• Your instructions
Could you repeat the records below exactly, without the pictures?

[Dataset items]
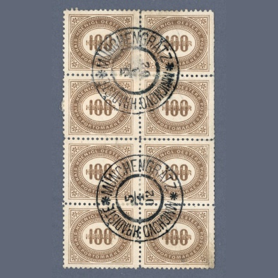 • 1899/1900 Austria – Postage due used 100 heller in a block of eight – used big blocks are rarely seen (total 8 korona)
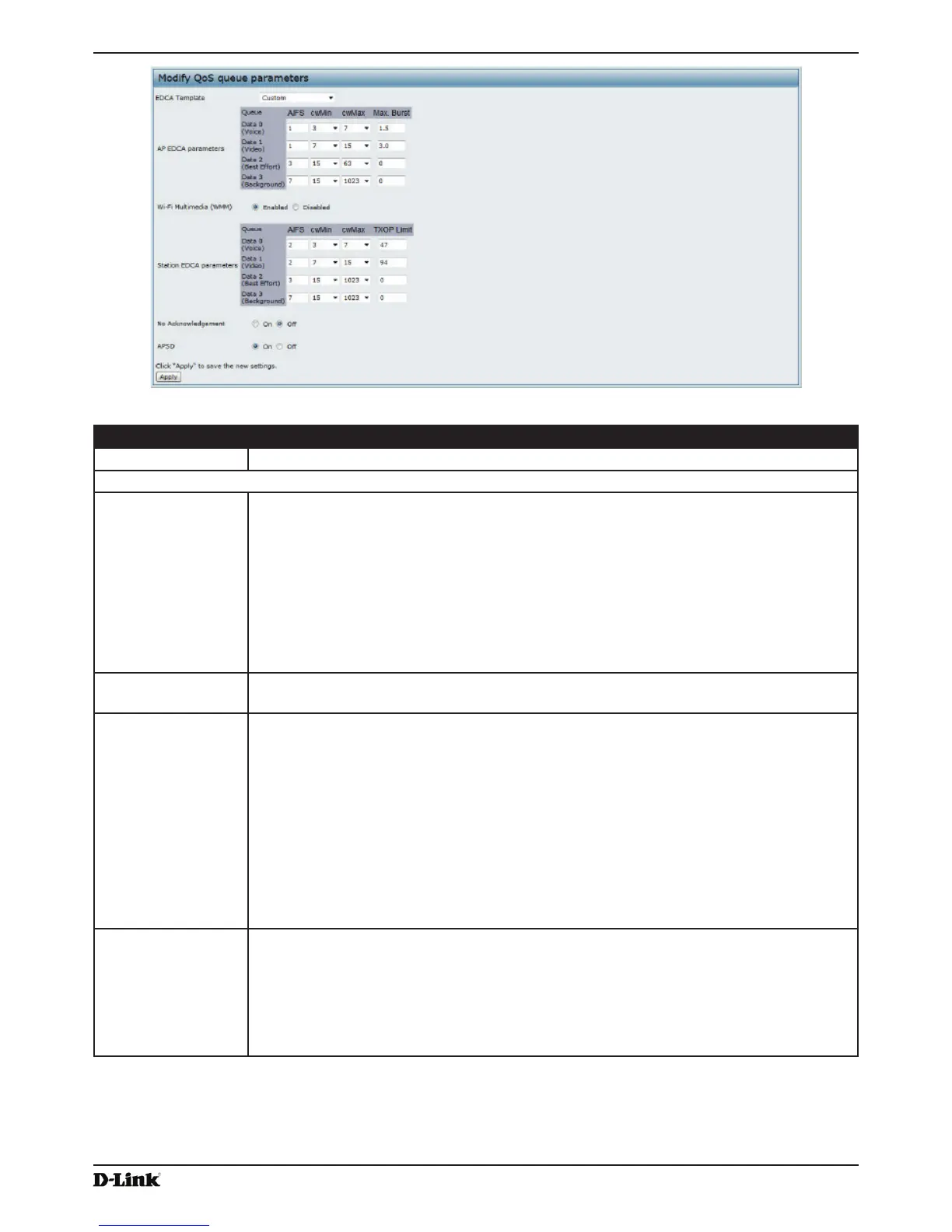 EDCA Template Possible options are: Default, Optimized for Voice, and Custom.
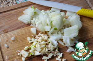 Репчатый лук и чеснок нарезать.
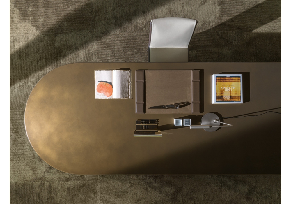 Blevio, von Ignazio Gardella für Molteni&C entworfen, ist ein Tisch mit Struktur und Platte aus mitteldichter Faserplatte, gebogen in der Form und lackiertem Eclipse-Finish. Auch mit Breccia Capraia-Marmorplatte mit Metallträgerstruktur erhältlich.
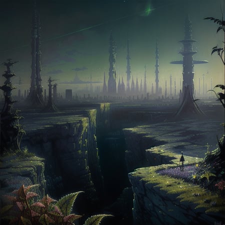 触发词:cosmiclandscapes,alien landscape,retro,mysterious,alien plants,strange growths,strange rock formations,desert,barren planet,lake,river
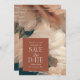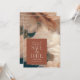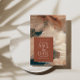 Abstrakt målade ett modernt TeCX-kort för chic bröllop spara datum. Modern på trender serif text och rust terracotta backer.
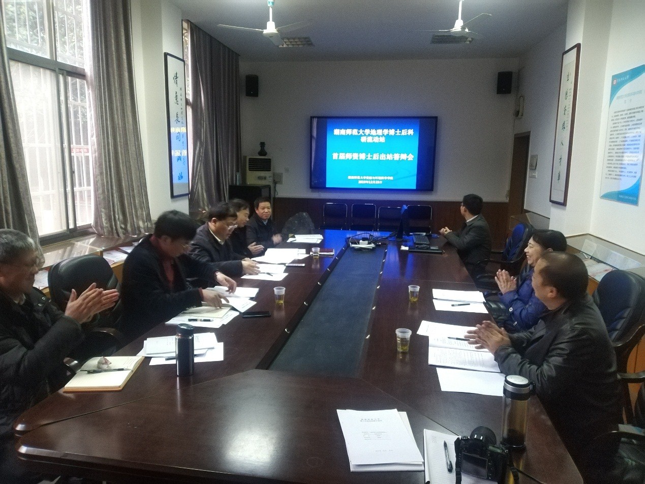 2019年12月23日上午,学院在201会议室举行团队博士后出站考核答辩会。答辩会由专家组长、中国科学院亚热带农业生态研究所党委书记王克林研究员主持。周楷淳博士以长沙市盲道空间格局及其有效性等为中心,介绍了近两年所开展的研究工作和取得的成果,回答了专家们提出的问题。专家组认为,周楷淳博士在站期间,选择新颖的研究领域,开展了深入扎实的研究工作,取得了较高水平的学术成果,为后续研究打下了良好基础,一致同意通过出站考核,评定为优秀等级。专家组成员彭渤教授、李忠武教授、李德平教授及合作导师谢炳庚教授和学校人事处邓正付副处长、博士后流动站管理办公室欧月娥主任等参加考核答辩会。
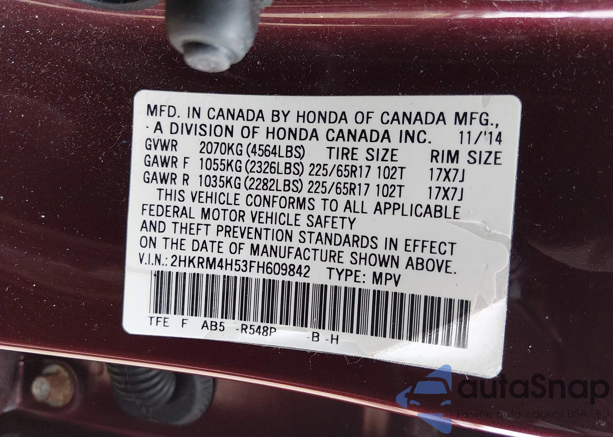 VIN: 2HKRM4H53FH609842
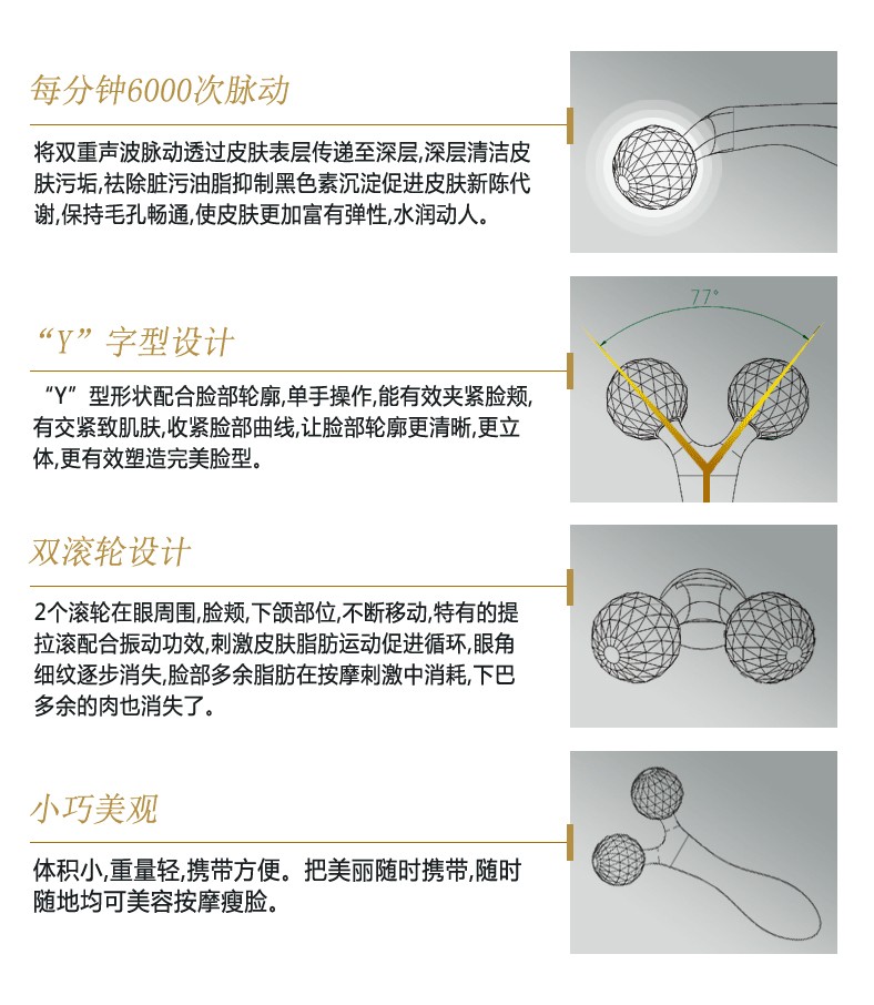 風靡日本,***的Y型設計,適合全身按[mo],這就是easyface 3D***塑肌儀,宛如清風拂面般滾動按[mo],微電流緊貼于肌膚,加速血液循環,促進新陳代謝,讓肌膚恢復活力,充滿彈性!

• Response area
 • 1899/1900 Austria – Postage due used 100 heller in a block of eight – used big blocks are rarely seen (total 8 korona)
 EDCA Template Possible options are: Default, Optimized for Voice, and Custom.
 Репчатый лук и чеснок нарезать.
 Blevio, von Ignazio Gardella für Molteni&C entworfen, ist ein Tisch mit Struktur und Platte aus mitteldichter Faserplatte, gebogen in der Form und lackiertem Eclipse-Finish. Auch mit Breccia Capraia-Marmorplatte mit Metallträgerstruktur erhältlich.
 触发词:cosmiclandscapes,alien landscape,retro,mysterious,alien plants,strange growths,strange rock formations,desert,barren planet,lake,river
 Abstrakt målade ett modernt TeCX-kort för chic bröllop spara datum. Modern på trender serif text och rust terracotta backer.
 2019年12月23日上午,学院在201会议室举行团队博士后出站考核答辩会。答辩会由专家组长、中国科学院亚热带农业生态研究所党委书记王克林研究员主持。周楷淳博士以长沙市盲道空间格局及其有效性等为中心,介绍了近两年所开展的研究工作和取得的成果,回答了专家们提出的问题。专家组认为,周楷淳博士在站期间,选择新颖的研究领域,开展了深入扎实的研究工作,取得了较高水平的学术成果,为后续研究打下了良好基础,一致同意通过出站考核,评定为优秀等级。专家组成员彭渤教授、李忠武教授、李德平教授及合作导师谢炳庚教授和学校人事处邓正付副处长、博士后流动站管理办公室欧月娥主任等参加考核答辩会。
 VIN: 2HKRM4H53FH609842
 風靡日本,***的Y型設計,適合全身按[mo],這就是easyface 3D***塑肌儀,宛如清風拂面般滾動按[mo],微電流緊貼于肌膚,加速血液循環,促進新陳代謝,讓肌膚恢復活力,充滿彈性!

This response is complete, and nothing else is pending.